Camilla Hall (Bloomberg News) notes, "Ten Sunni and Shiite Muslim tribal sheikhs were seized on Oct. 27 as they returned to Diyala from a meeting in Baghdad to discuss combating al-Qaeda." As noted last night, the corpse of Mishaan Hilan has already been discovered. He was one of the eleven meaning that ten remain kidnapped.

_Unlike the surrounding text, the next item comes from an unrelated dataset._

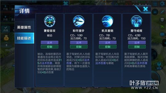墨子是一名强势的法坦,拥有不俗的POKE能力,并且凭借大招带来的控制效果,能在团战中为队友创造良好的输出空间,二技能还拥有控制效果,在远程消耗敌人的同时,还能骚扰其走位,破坏敌方战斗节奏。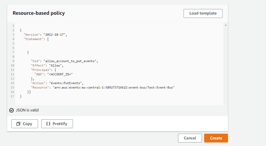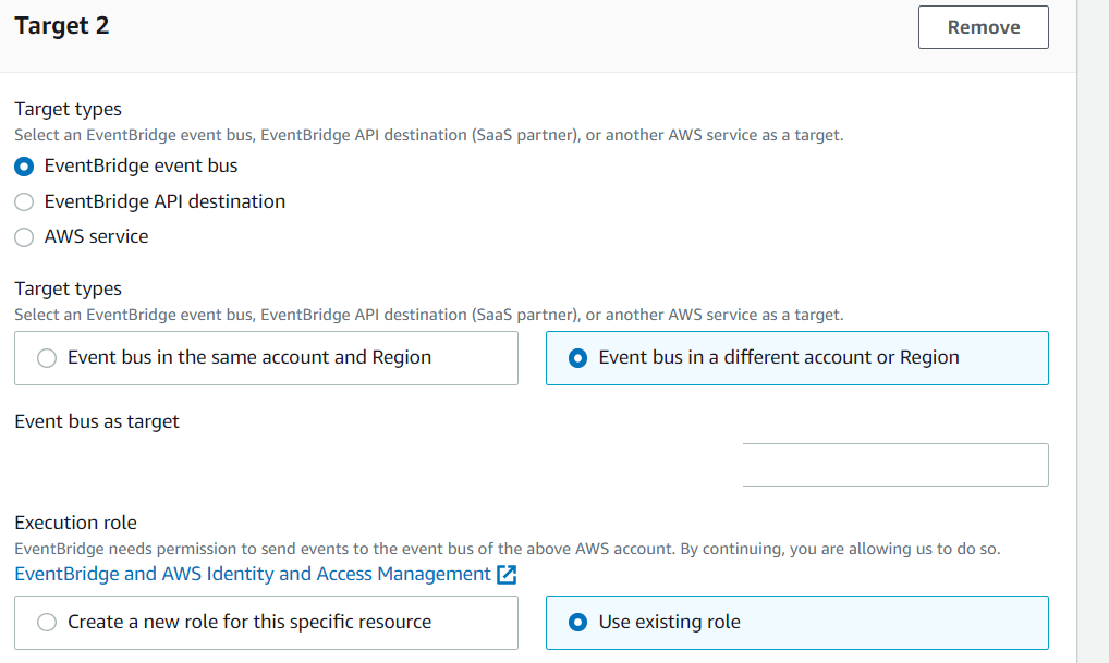 In child account, Create Master account EventBus as the target, paste the ARN taken from the previous step.

Meanwhile Paul Bibby (Sydney Morning Herald) reports that Andrew Wilkie ("former Australian intelligence officer turned Greens candidate" and "former Lieutenant-Colonel") has stated the death of two Australian soldiers in Afghanistan (Matthew Locke last week and David Pearce earlier in the month) should not have happened, that they "died unnecessarily because we should not have still been there" and he pins the reason Australian troops are still in Afghanistan on the US led illegal war in Iraq. Wilkie: "We would not have been in Afghanistan now if we had finished the job back when we could have finished the job in 2002. But because we were distracted by Iraq we really drew down on our forces in Afghanistan to go to Iraq. That allowed the anti-Government forces, primarily the Taliban, to be the serious threat that they are. Those two diggers died unnecessarily."

Australia holds national elections Saturday, November 24th. Bully Boy athletic cup holder John Howard may or may not remain as prime minister.

Australia's Herald-Sun reports that Wilkie's running mate, Bob Brown has made similar comments -- Brown: "That said, we ought not be in Afghanistan because the Bush administration backed by John Howard made a huge strategic error there at the start of this decade when they withdrew troops from Afghanistan, having taken over the country, got rid of the Taliban and went to the invasion of Iraq."

Meanwhile David Humphries (Syndey Morning Herald) reports that those in active duty service are leaning towards voting Labor in the election. Who will be left to vote for John Howard? (Howard is in the -- don't let the name fool you -- Liberal Party of Australia.)